>>>>>
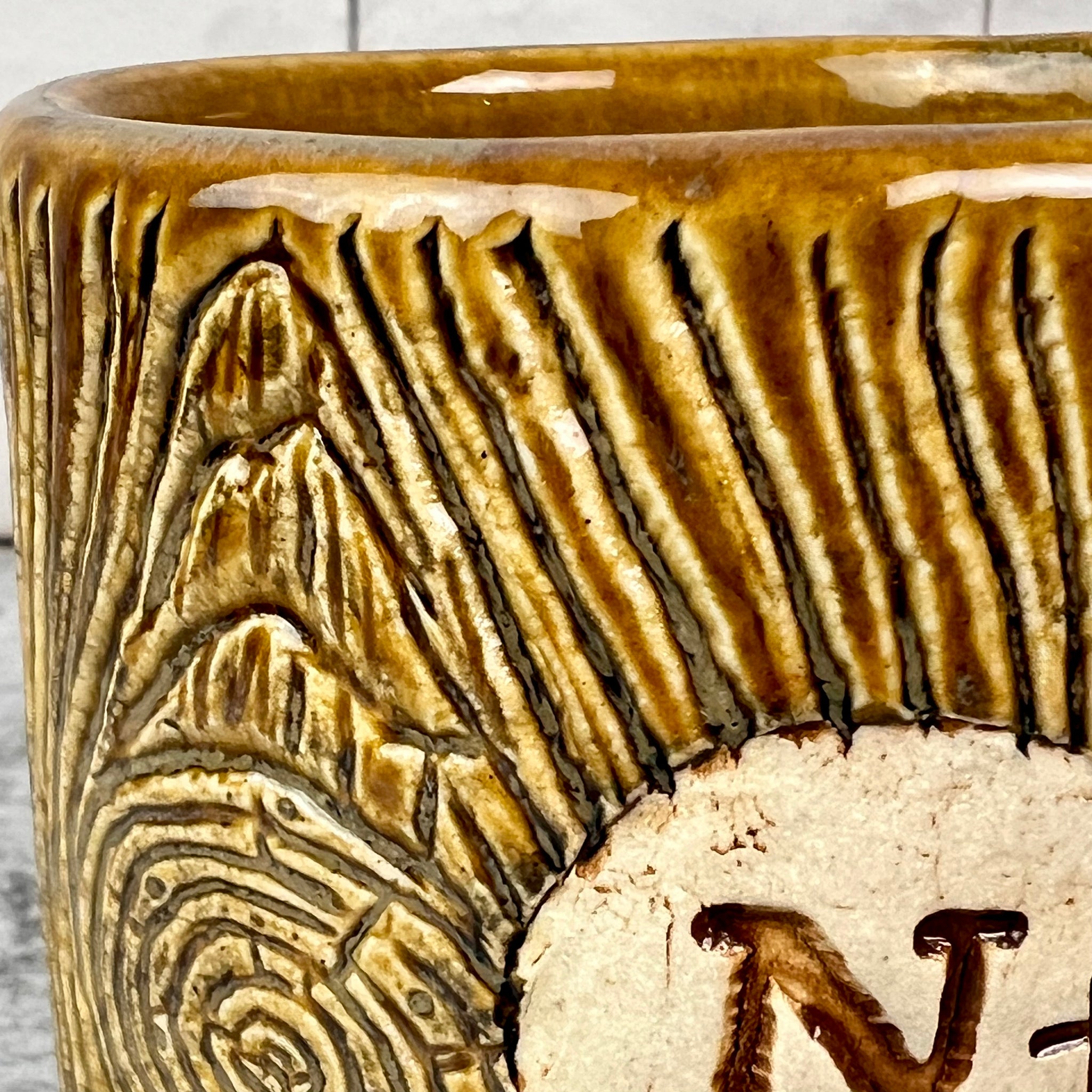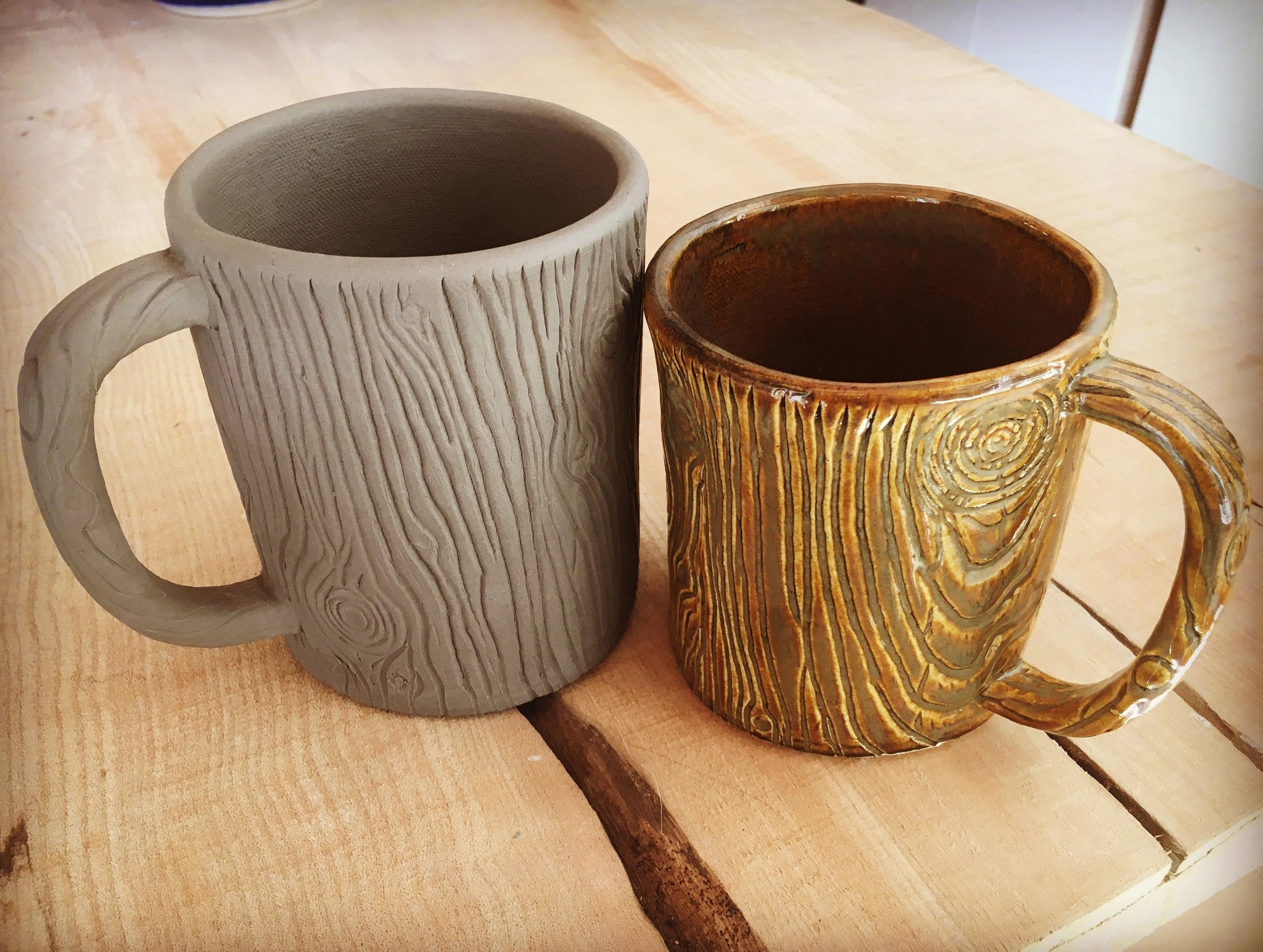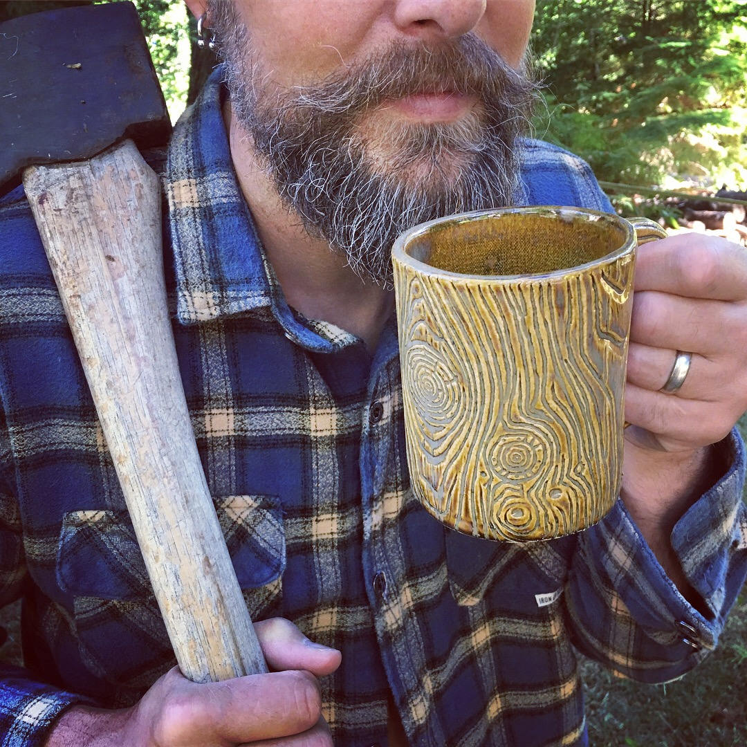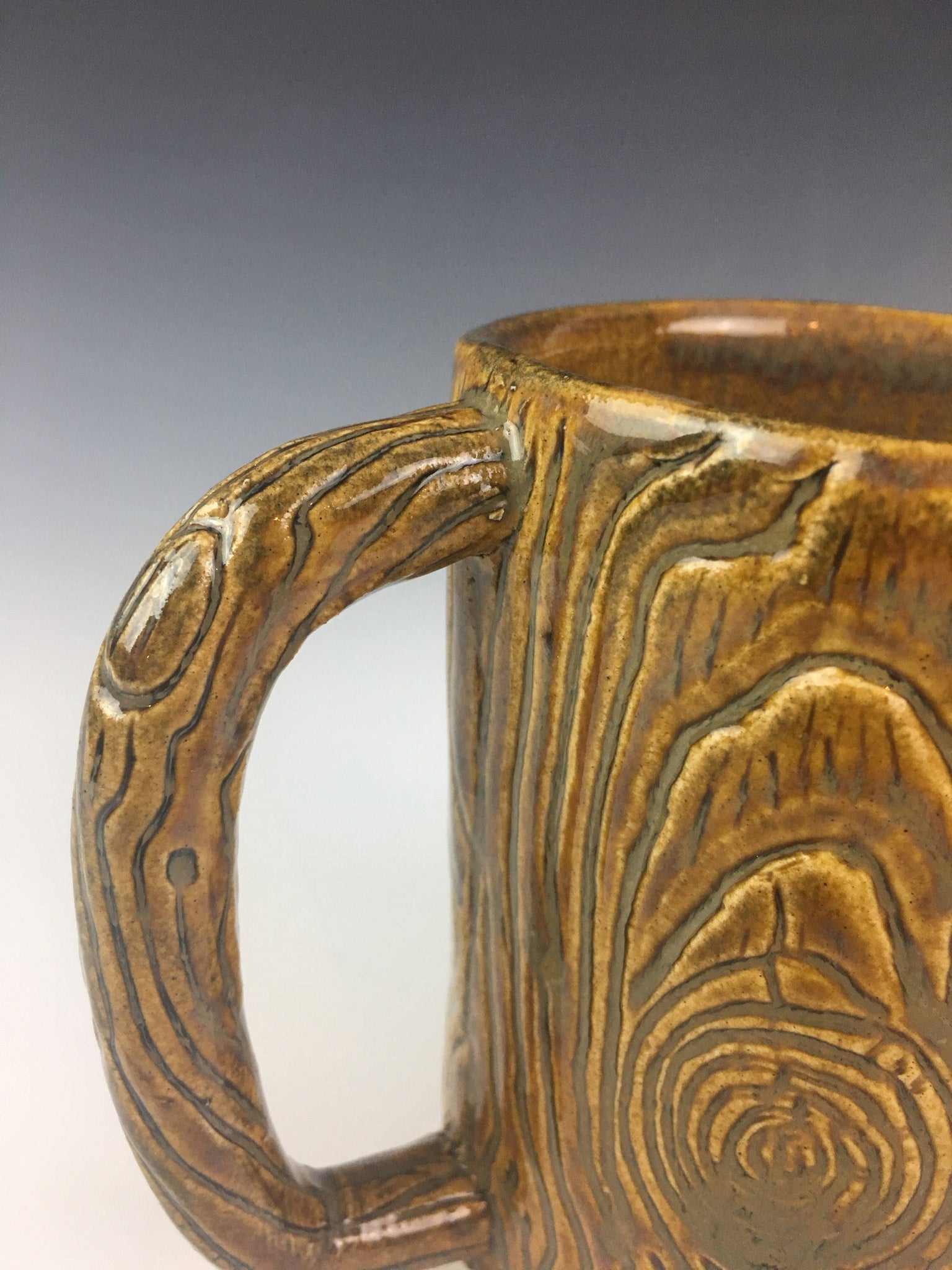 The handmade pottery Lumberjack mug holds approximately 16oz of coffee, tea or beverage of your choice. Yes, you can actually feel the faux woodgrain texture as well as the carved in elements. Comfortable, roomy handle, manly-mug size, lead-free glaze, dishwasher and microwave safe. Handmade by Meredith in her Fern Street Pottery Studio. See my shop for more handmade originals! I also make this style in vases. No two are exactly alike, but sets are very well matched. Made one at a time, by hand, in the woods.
<<<<<
>>>>>
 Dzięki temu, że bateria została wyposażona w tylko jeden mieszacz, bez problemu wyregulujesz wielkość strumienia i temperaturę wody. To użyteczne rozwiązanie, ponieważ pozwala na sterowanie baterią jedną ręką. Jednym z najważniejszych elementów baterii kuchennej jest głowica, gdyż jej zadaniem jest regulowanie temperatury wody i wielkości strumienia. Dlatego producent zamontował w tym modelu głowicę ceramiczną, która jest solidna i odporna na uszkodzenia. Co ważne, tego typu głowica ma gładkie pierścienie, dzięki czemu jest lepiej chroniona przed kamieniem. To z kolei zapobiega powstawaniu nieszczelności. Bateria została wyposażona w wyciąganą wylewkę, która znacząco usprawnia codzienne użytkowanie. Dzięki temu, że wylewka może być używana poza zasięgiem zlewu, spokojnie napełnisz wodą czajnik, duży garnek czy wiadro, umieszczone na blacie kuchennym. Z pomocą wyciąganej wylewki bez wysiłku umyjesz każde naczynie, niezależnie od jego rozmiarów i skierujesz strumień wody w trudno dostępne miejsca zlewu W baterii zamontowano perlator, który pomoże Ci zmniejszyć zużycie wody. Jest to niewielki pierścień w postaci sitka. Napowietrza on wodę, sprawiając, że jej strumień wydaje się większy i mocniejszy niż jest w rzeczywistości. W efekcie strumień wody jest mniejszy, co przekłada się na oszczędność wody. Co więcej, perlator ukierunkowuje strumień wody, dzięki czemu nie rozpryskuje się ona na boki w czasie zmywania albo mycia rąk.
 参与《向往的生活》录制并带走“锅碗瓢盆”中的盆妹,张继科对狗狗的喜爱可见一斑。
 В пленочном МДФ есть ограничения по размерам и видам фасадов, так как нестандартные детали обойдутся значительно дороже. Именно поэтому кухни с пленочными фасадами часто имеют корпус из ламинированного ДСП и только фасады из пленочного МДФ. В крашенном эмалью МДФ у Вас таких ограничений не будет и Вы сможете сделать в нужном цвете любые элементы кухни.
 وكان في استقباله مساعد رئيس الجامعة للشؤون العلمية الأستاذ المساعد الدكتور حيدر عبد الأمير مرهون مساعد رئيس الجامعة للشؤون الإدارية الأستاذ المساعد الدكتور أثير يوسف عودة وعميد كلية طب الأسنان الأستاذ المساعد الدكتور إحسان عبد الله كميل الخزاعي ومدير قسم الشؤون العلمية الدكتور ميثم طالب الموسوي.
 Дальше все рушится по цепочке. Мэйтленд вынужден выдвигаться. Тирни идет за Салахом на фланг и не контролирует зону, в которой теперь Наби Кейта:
<<<<<
# Exercise prompt
Everything from the line containing "وكان في استقباله" through the line containing "Дальше все рушится" in the material above should be retyped exactly, both ends included, and nothing more.

# Your response
 وكان في استقباله مساعد رئيس الجامعة للشؤون العلمية الأستاذ المساعد الدكتور حيدر عبد الأمير مرهون مساعد رئيس الجامعة للشؤون الإدارية الأستاذ المساعد الدكتور أثير يوسف عودة وعميد كلية طب الأسنان الأستاذ المساعد الدكتور إحسان عبد الله كميل الخزاعي ومدير قسم الشؤون العلمية الدكتور ميثم طالب الموسوي.
 Дальше все рушится по цепочке. Мэйтленд вынужден выдвигаться. Тирни идет за Салахом на фланг и не контролирует зону, в которой теперь Наби Кейта:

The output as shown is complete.